HEPI publishes A guide to the removal of student number controls 

The latest report from the Higher Education Policy Institute, A guide to the removal of student number controls by Nick Hillman, is published on 18th September 2014.

In December last year, universities were caught by surprise when George Osborne announced student number controls would end in England. This new HEPI blue book:

1. considers why the announcement was made and whether it will happen as planned;

2. explains what the changes could mean for the sector and individual institutions; and

3. looks at the budget pressures that mean spending on each student is likely to fall.

Nick Hillman said:

‘The decision to remove student number controls is a vote of confidence in universities and young people. If successfully implemented, it could transform lives, improve social mobility and raise economic performance. But the policy was sprung on universities, with little attention to precedents at home or abroad.

‘If it does happen – and Labour have suggested it may not – then moving from here to there will be bumpy. Although no one can predict the future with absolute certainty, our evidence also suggests there could be significant new opportunities for EU recruitment, pathway courses and alternative providers.

‘One critical outstanding question is how the policy is to be paid for. The Government has now ruled out a quick sale of old student loans, which was the original source of funding. It is hard to square current forecasts on the future number of students with the expected cuts to public expenditure. Spending on each student may come under severe strain whoever wins the next election.’

Ends

 

Notes for Editors

1. The full report shows:

  • There were three key reasons why the Coalition adopted the policy: demand for higher education will remain strong; more higher-level skills can raise economic performance; and education is likely to feature in the next general election.
  • The Government predicts there will eventually be 60,000 extra entrants each year, which would mean an increase of around 20 per cent in the number of UK/EU full-time undergraduates.
  • Although the reduction in the number of 18-year olds will affect demand, there are grounds for thinking all the places could be filled in time. However, individual higher education institutions are likely to respond in different ways and will fare differently once the numbers cap is removed.
  • The Government plans to maintain the quality of provision once the numbers control is removed. But possible mechanisms for ensuring this – such as a minimum academic entry bar, the monitoring of non-continuation rates and graduate outcome measures – are difficult to implement, so ad hoc arrangements may prove necessary.
  • Although the Government is planning to include alternative providers in the removal of student number controls from 2015/16, it remains unclear how similar the rules will be to those for HEFCE-funded providers.
  • A part of the funding pressure arises from the inclusion of EU residents in the removal of student number controls. So it is surprising that the decision to remove student number controls has not been covered in the official review of EU competences, nor does it appear to have featured in the internal Whitehall debates about net inward migration.

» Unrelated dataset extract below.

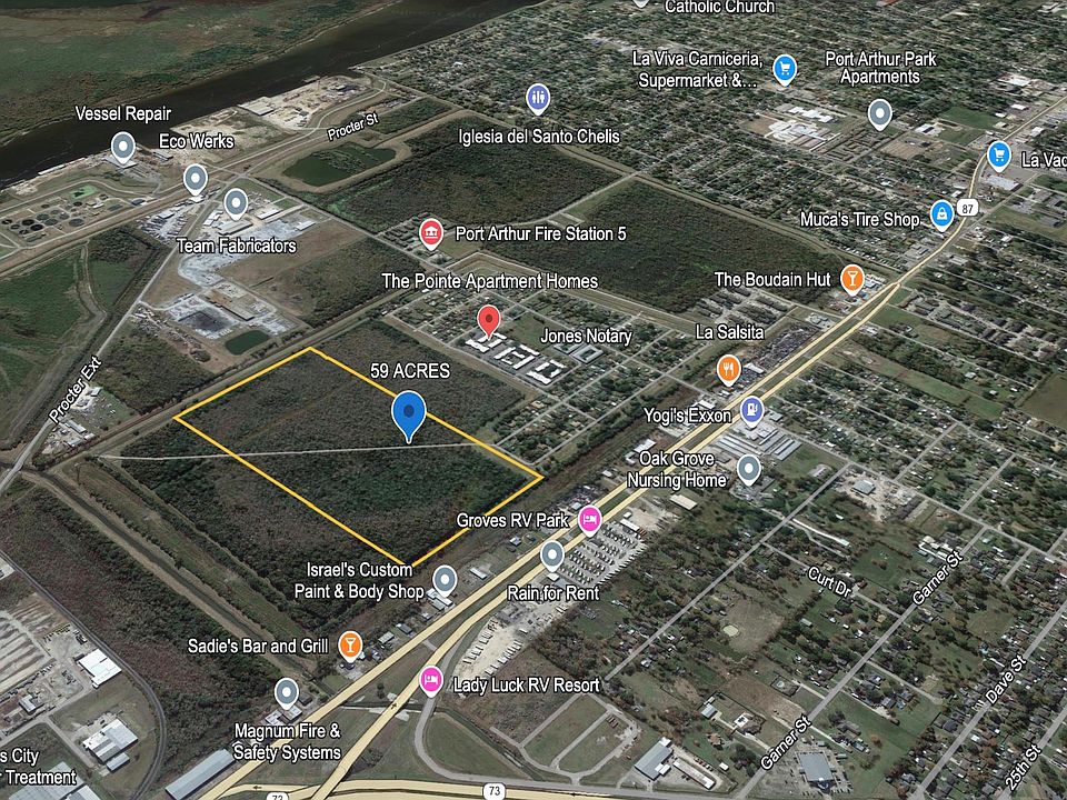 59.23 Acre development opportunity in Port Arthur, TX. Currently zoned light residential but is situated among industrial, multifamily, and residential properties making potential rezoning strongly possible. Location offers development flexibility ideal for industrial expansion, logistics, warehousing, or mixed-use projects. It's proximity to major highways and regional routes ensures excellent connectivity. Seller is open to dividing the property and there may be additional land available; please inquire for more details if interested.

2. Nick Hillman became the Director of HEPI in January 2014. His previous HEPI pamphlets have covered the need for higher education legislation and a comparison of student loans in England and Australia.

3. In August 2014, HEPI published an account of Australia’s shift to a demand-driven system by Andrew Norton, which is part of a year-long study of Australia that has informed this new publication. On 26th November 2014, Professor Paul Wellings, the former Vice-Chancellor of Lancaster University and current Vice-Chancellor of Wollongong University, will deliver HEPI’s Annual Lecture at Australia House in central London. For further details on the HEPI Annual Lecture please contact admin@hepi.ac.uk.

4. HEPI’s mission is to ensure higher education policy-making is better informed by evidence and research. We are UK-wide, independent and non-partisan. In the 2014 Prospect Think Tank Magazine of the Year Awards, HEPI won the ‘One to Watch’ category.